Khoj occupies a unique position in the AI tools landscape as a personal knowledge companion that bridges your private documents with the reasoning capabilities of large language models. Unlike generic chat interfaces that rely solely on training data, Khoj indexes your files using semantic embeddings and retrieves relevant context before generating answers, dramatically reducing hallucinations when working with your own content. The system supports a wide range of document formats including PDFs, Markdown files, Notion pages, Word documents, and org-mode files, making it compatible with most knowledge workers' existing workflows without requiring format conversion.
The platform's agent system allows users to create specialized AI assistants with custom knowledge bases, personas, and tool access. A research agent might have access to academic papers and web search, while a project assistant might draw only from specific repository documentation. Khoj's scheduled automation feature enables recurring research tasks that deliver results as personal newsletters or notifications.

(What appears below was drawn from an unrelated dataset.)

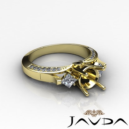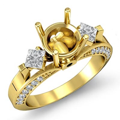 Elegant as ever! This 18k Gold Yellow ring features semi mount round cut center diamond, clustered by two princess side diamonds all in prong setting. Pave set

The deep research mode performs multi-step investigation across both local documents and web sources, synthesizing findings into comprehensive reports.
Khoj scales from a fully offline, on-device deployment using local models through Ollama to a cloud-hosted enterprise installation with team management and SSO. The self-hosted option runs via Docker or pip with complete data sovereignty, while the hosted version at app.khoj.dev offers a free tier for individual users. With over 33,000 GitHub stars, Y Combinator backing, native Obsidian and Emacs plugins, and support for image generation and voice interaction, Khoj has established itself as the leading open-source alternative to commercial AI assistants for knowledge-intensive work.